# PAL - Region 2 DVD player recommendations wanted



## Starliner (Jan 9, 2010)

Hello!

I am trying to solve a problem for a good friend in Windsor, CT. He has a number of DVD's which are PAL and Region 2 (from Germany, I think), and cannot locate a DVD player here which will play these formats.

I read some ads on Amazon where the equipment offered was supposed to play everything, but I also saw customer reviews which said region 2 DVD's did not work on them.
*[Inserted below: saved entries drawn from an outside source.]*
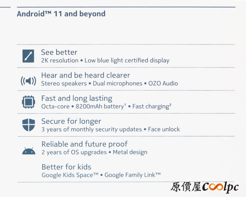 平板是10.4″ 2K解析度,SGS認證低藍光,內建雙聲道喇叭、雙麥克風,電池容量8200mAh還有快充功能,並且提供三年安全更新、臉部辨識功能,使用Android 11系統並提供兩年軟體更新,內建Google Kids Space及Google Family Link軟體。
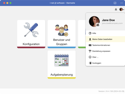 Zusätzlich zu diesen Bereichen gibt es eine Suchleiste und eine Aktionsschaltfläche zum Anlegen neuer Benutzer oder Gruppen. Das Anlegen neuer Benutzer und Gruppen ist immer über die Anwendung Benutzer und Gruppen möglich, obwohl es für andere Bereiche von i-net CoWork durch die Einstellung Login-Konfiguration deaktiviert werden kann.
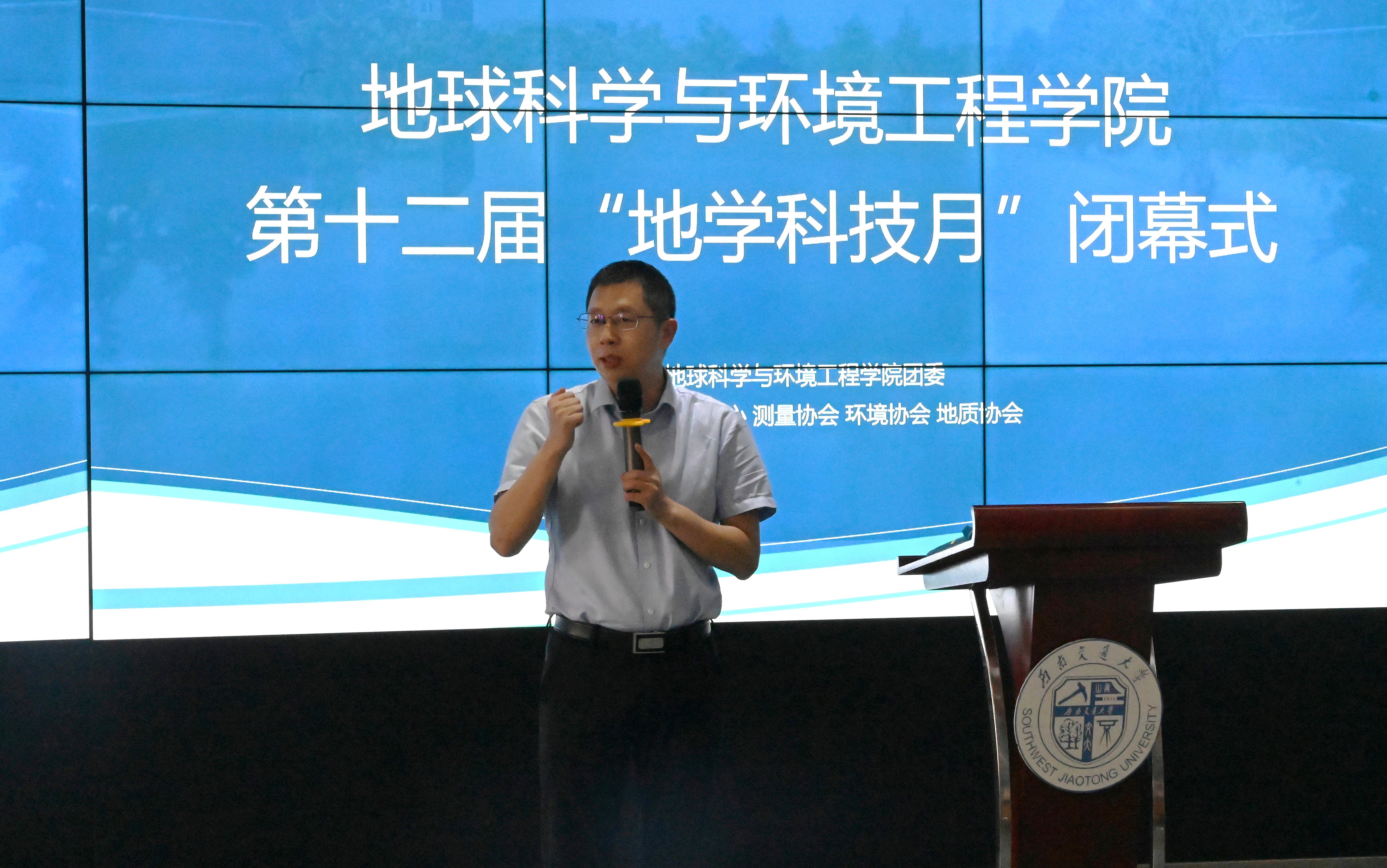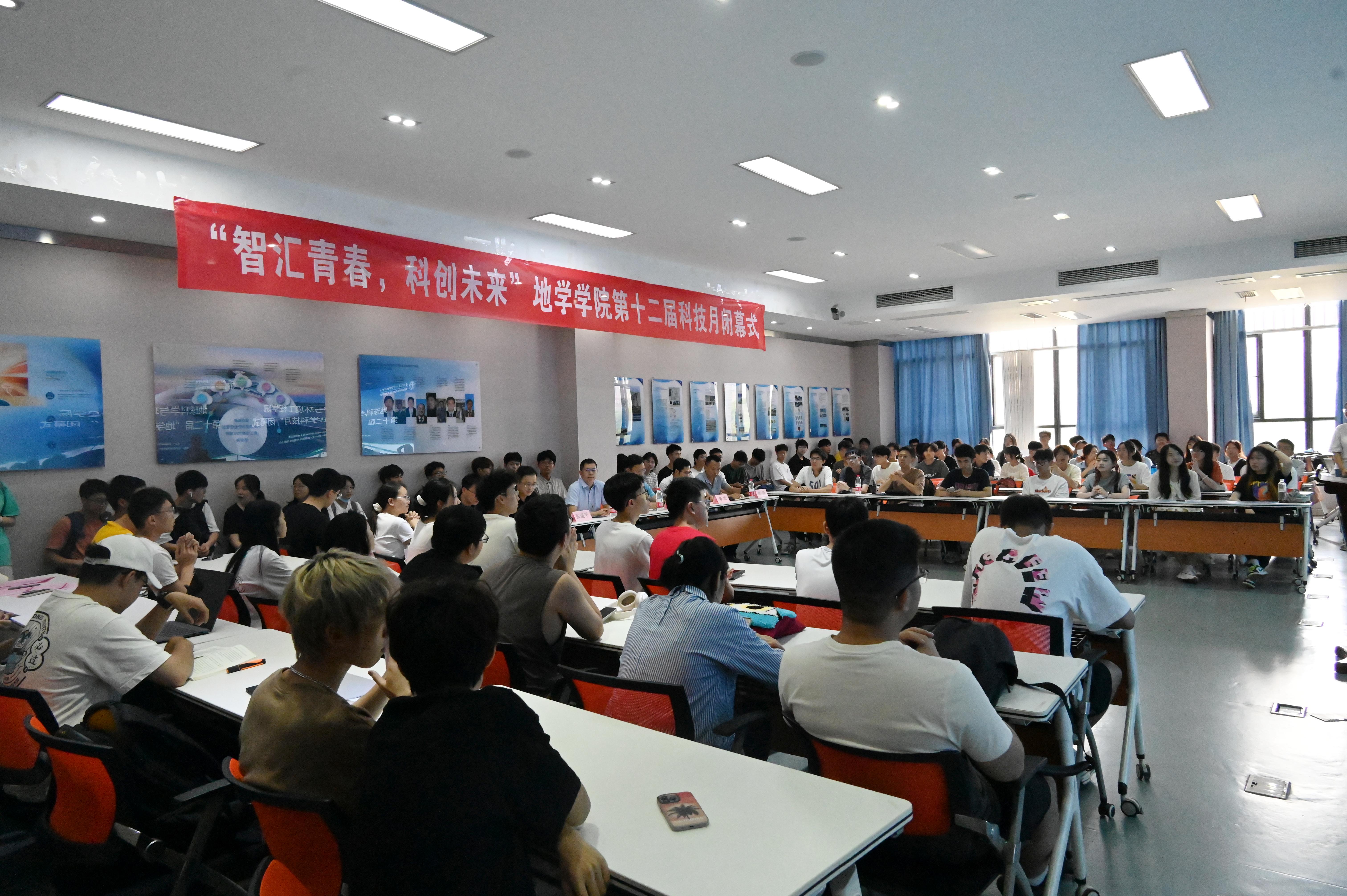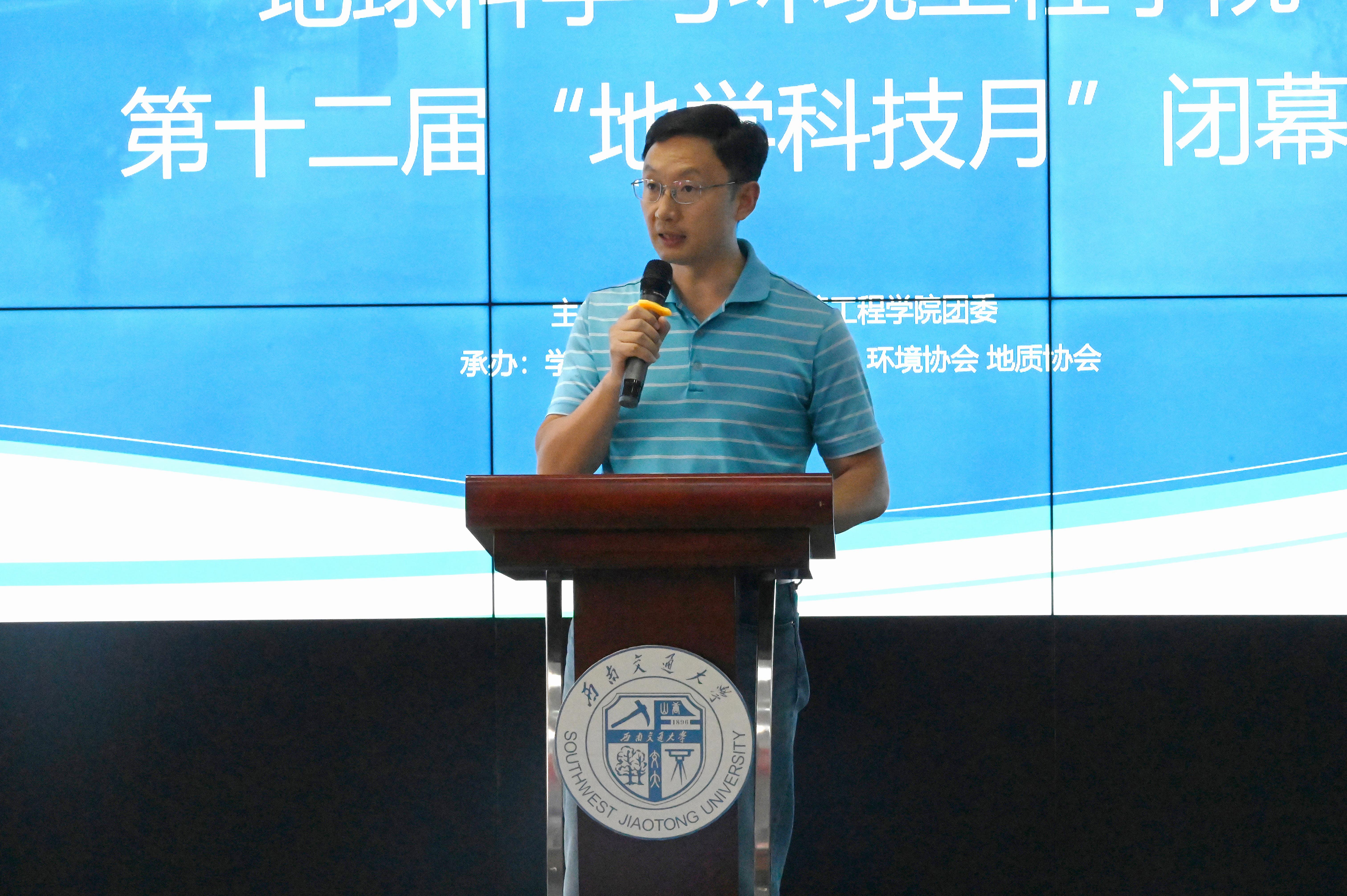 张玉春进行闭幕式总结到,地学科技月中的“科技”二字,意为要将知识与实践结合,不断创新,科技是第一生产力,对于国家的重要性不言而喻,对于同学们来说,也能通过此次活动在各方面去感受自己的变化。也非常感谢活动举办过程中各位老师的大力支持和帮助以及团委的精心组织,为同学和老师们提供了此次思想碰撞和交流的机会,也产生了许多优秀的成果。即使竞赛名为科技月,但希望同学们能实现“月月创新,年年创新”,活动最终获奖固然重要,但希望同学们能更多关注自己个人是否有成长,未来是否能为国家做更多贡献。他寄语同学们要时刻牢记和提醒自己,将理论知识与实践活动结合,激励自己不断进步、不断创新、不断提高解决实际问题的能力。
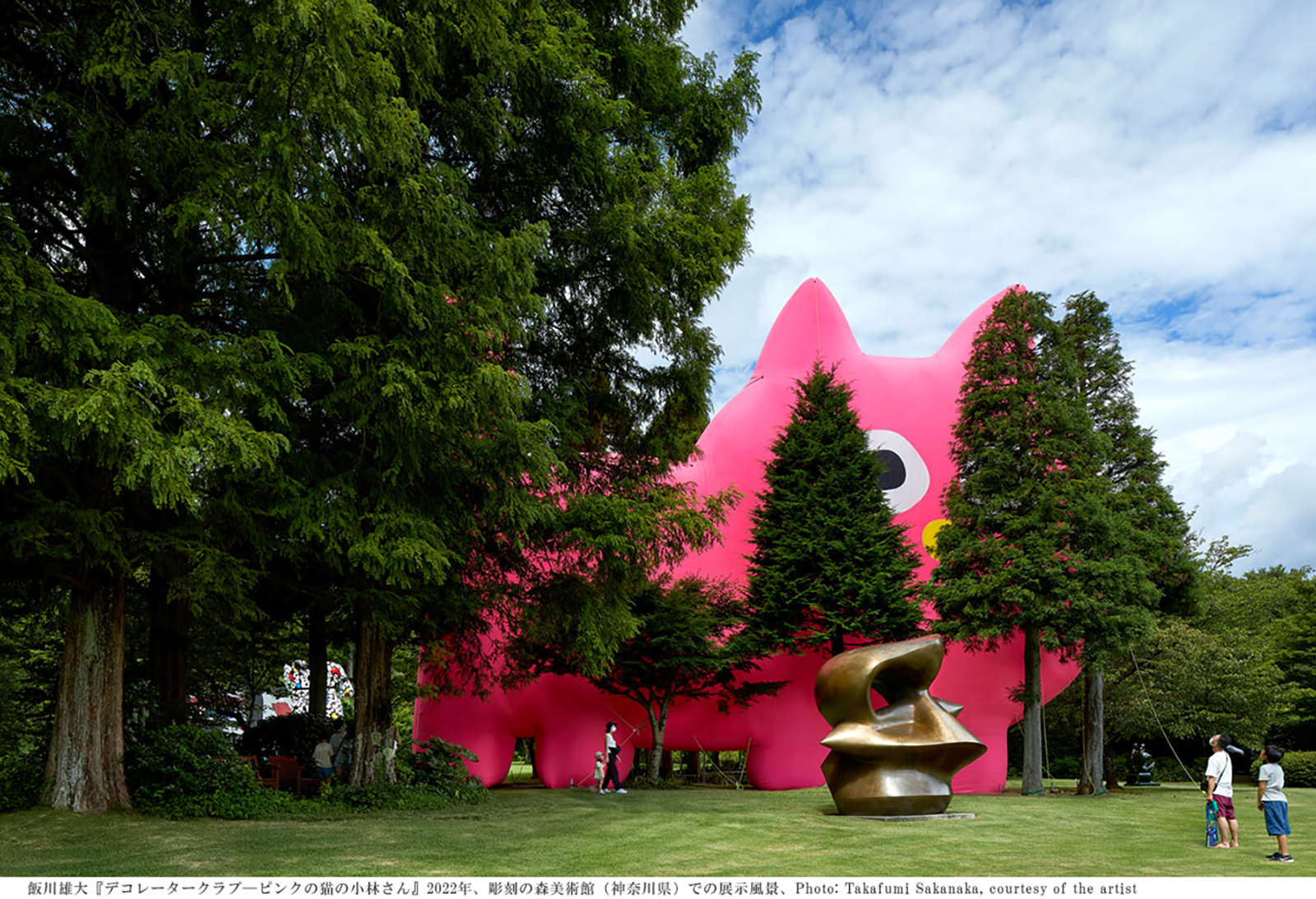 2007年より〈デコレータークラブ〉シリーズを展開してきたアーティスト飯川雄大。街中に突如現れる巨大なピンクの猫や、バッグを鑑賞者自身が移動する、あるいは居合わせた者が知恵を出し合い展示空間を変化させるなど、観客の身体感覚や想像力、場の偶発性によって空間や仕組みが変容する作品を手がけてきた。本展では飯川のこれまでの取り組みを紹介するとともに、鑑賞者を巻き込む仕掛けが思いもよらぬ出来事を見いだすインスタレーションを新たに制作する。
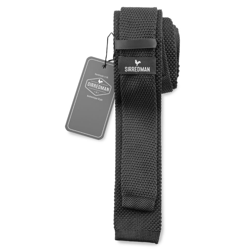 deze gebreide stropdas is recht afgewerkt in plaats van in een punt zoals bij traditionele stropdassen.
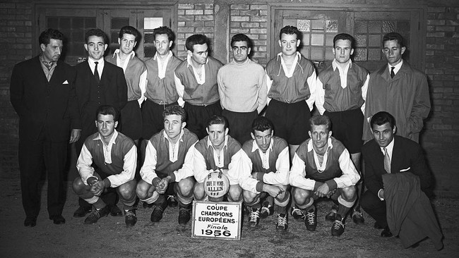 Stade de Reims lolos ke final edisi pertama European Cup pada musim 1955-56, namun kalah 3-4 dari Real Madrid di Paris. Kedua tim kembali bertemu di final tiga tahun berselang di Stuttgart dan Madrid kembali menang 2-0. Foto: Corbis/VCG via Getty Images/Universal
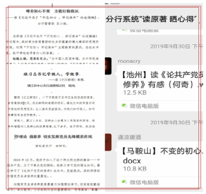 为避免理论学习“学过就忘、不求甚解”,南京分行连续两年利用网络微信群在辖内开展“读原著 晒心得”活动,每年为干部职工指定阅读书目,干部职工通过网络微信群分享自己读原著的心得体会,已累计分享心得体会1120篇。从阅读书目来看,主要为《共产党宣言》《习近平谈治国理政》(第一卷、第二卷)《之江新语》《摆脱贫困》《习近平关于“不忘初心、牢记使命”重要论述摘编》《论共产党员的修养》等经典著作。从分享形式来看,干部职工可以通过音频、文字等多种形式分享自己的读书心得,分享心得侧重短小精悍、细水长流,做到“学习日日新、心得天天谈、兴趣渐渐增”,让干部职工在日积月累中增加阅读兴趣、提升思想高度。从激励机制来看,分行按月对读书心得体会文章进行整理、筛选并制作成美篇,以“南银宣说”为平台进行推介分享,优秀心得体会文章既有中支的,也有县(市)支行的,既有宣传条线的,也有业务部门的,通过示范作用,带动广大干部职工爱学习、想学习,营造理论学习的浓厚氛围。
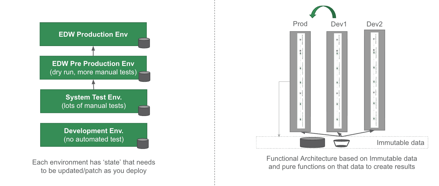 You can even do fancy stuff like blue-green deployments and canary releases without breaking into a cold sweat. This really matters when you have an analyst waiting for a new data set, and you can give them a preview of the entire data set with their new data in parallel to the normal production release. You can get their feedback, test, and learn more about their needs.
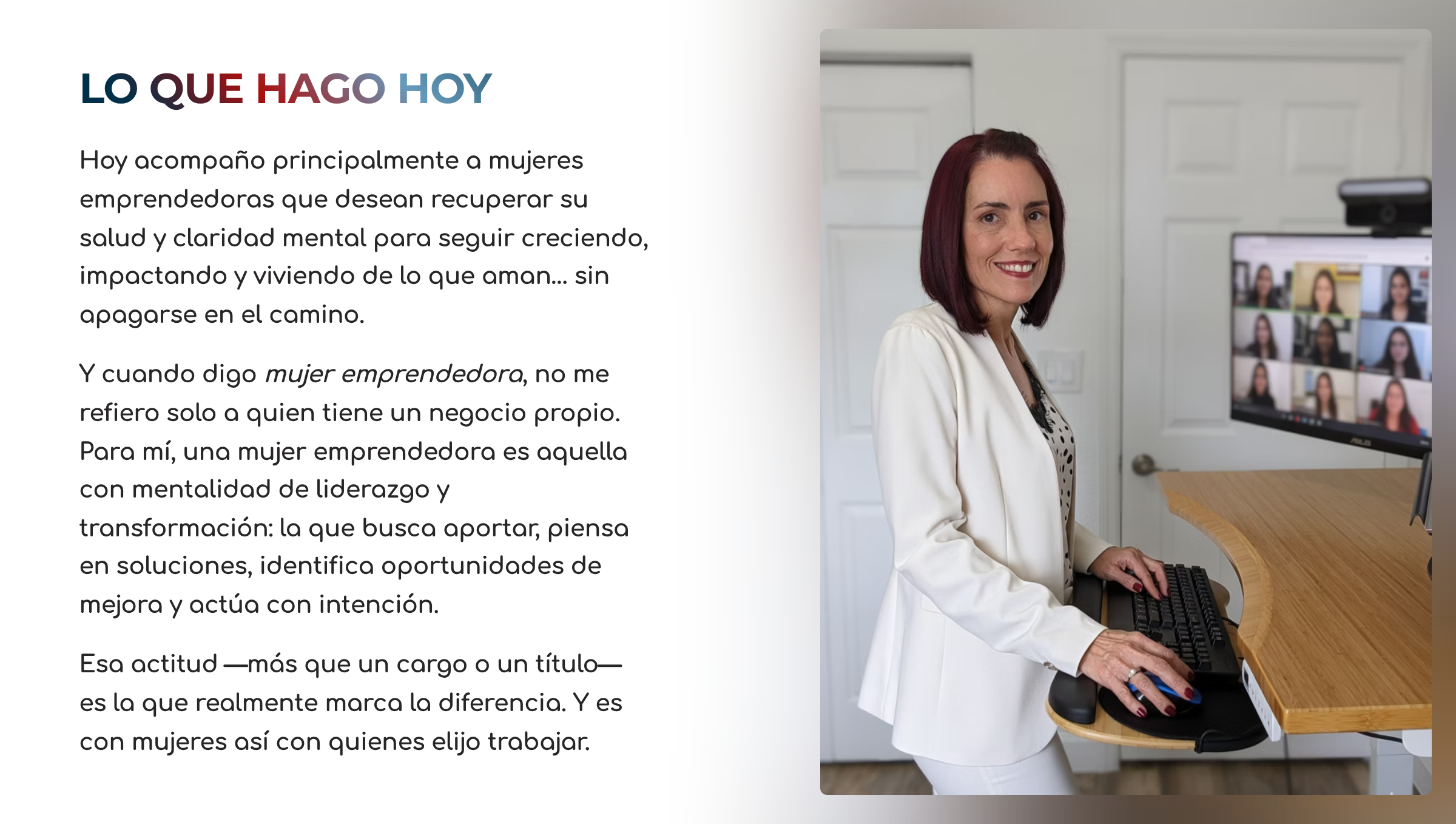 Ya te conté sobre mí. Ahora me encantaría conocer un poco sobre ti: cuáles son tus metas de salud, qué deseas alcanzar en este momento y qué te preocupa de tu energía actual, especialmente si está afectando tu vida personal o laboral.
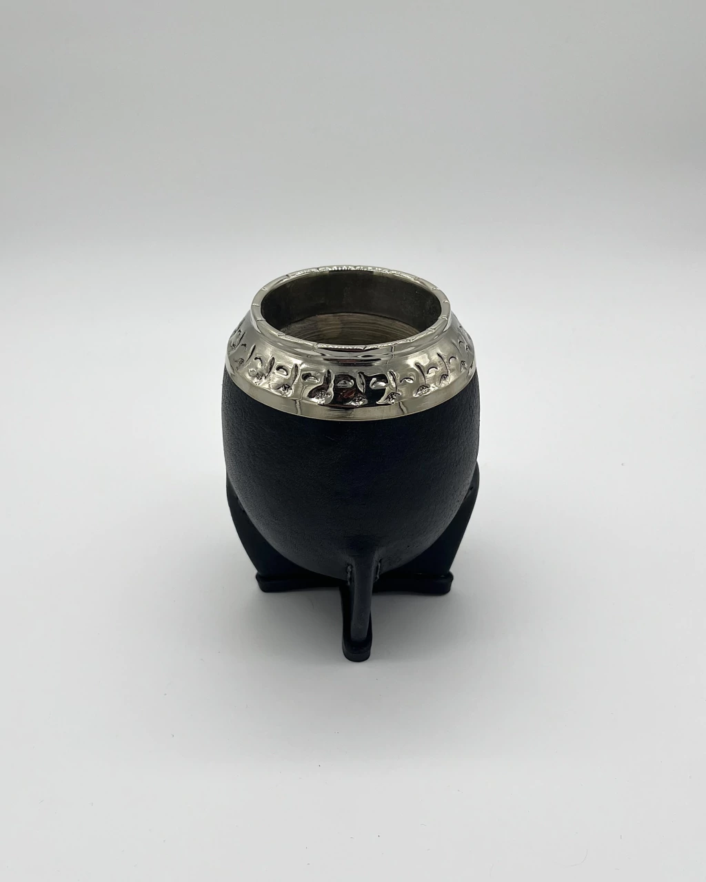 Mate torpedo con virola de alpaca cincelada + Bombilla pico loro + Termo media manija negro.
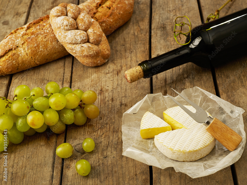 Wine, bread, cheese and grapes
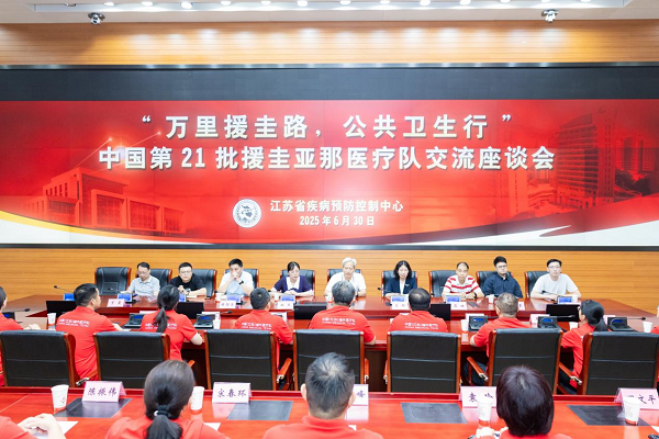 2025年6月30日下午,江苏省卫生健康委国际合作处处长李郁、副处长邢燕率第21批中国(江苏)援圭亚那医疗队全体队员一行20人,赴省疾控中心座谈交流公共卫生援外工作。江苏省疾控中心党委书记朱宝立出席会议。中心相关部门负责人参加会议。
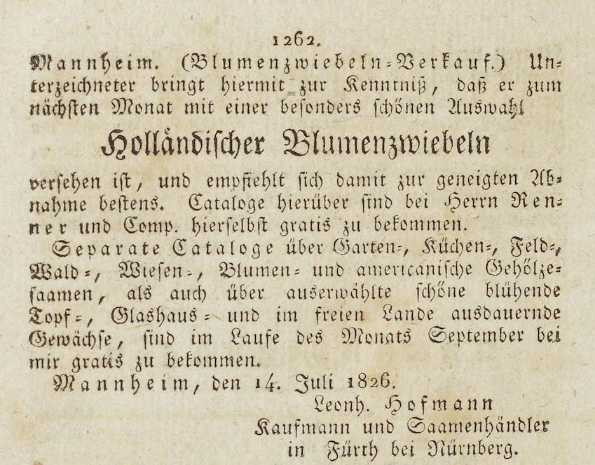 | Dateiinfo (Bild-Unterschrift und Info-Box, automatisch erstellt) | Werbeanzeige des Samenhändlers Leonhard Hofmann, Juli 1826 Lizenz: NoC-NC 1.0 | ||
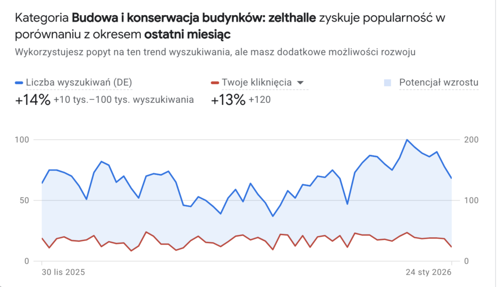 Przeprowadzona została analiza wyszukiwań, która pokazała, że użytkownicy z Niemiec coraz częściej poszukują wykonawców hal stalowych z Polski. Na tej podstawie kampanie zostały zaplanowane osobno dla rynku polskiego i niemieckiego, z dopasowaniem słów kluczowych i komunikatów do realnych intencji inwestorów, co jest kluczowe w skutecznej reklamie B2B na rynkach zagranicznych.

Perhaps some of you have suggestions as to what he should look for, or where? 

Thank you!

Starliner


----------



## Jungle Jack (Jul 28, 2009)

Starliner said:


> Hello!
> 
> I am trying to solve a problem for a good friend in Windsor, CT. He has a number of DVD's which are PAL and Region 2 (from Germany, I think), and cannot locate a DVD player here which will play these formats.
> 
> ...


Hello,
This should do the trick:http://www.amazon.com/Sony-Ultra-Co...id=1346611769&sr=1-1&keywords=region+free+dvd
Around $40 and the Reviews seem quite positive.
Cheers,
J


----------



## 86eldel68-deactivated (Nov 30, 2010)

Buy a gently-used OPPO.


----------



## Jungle Jack (Jul 28, 2009)

Great idea, I was going to recommend it but they are way more expensive. Also, I think BB's Insignia DVD Player is Multiregion, but it might be since discontinued.


----------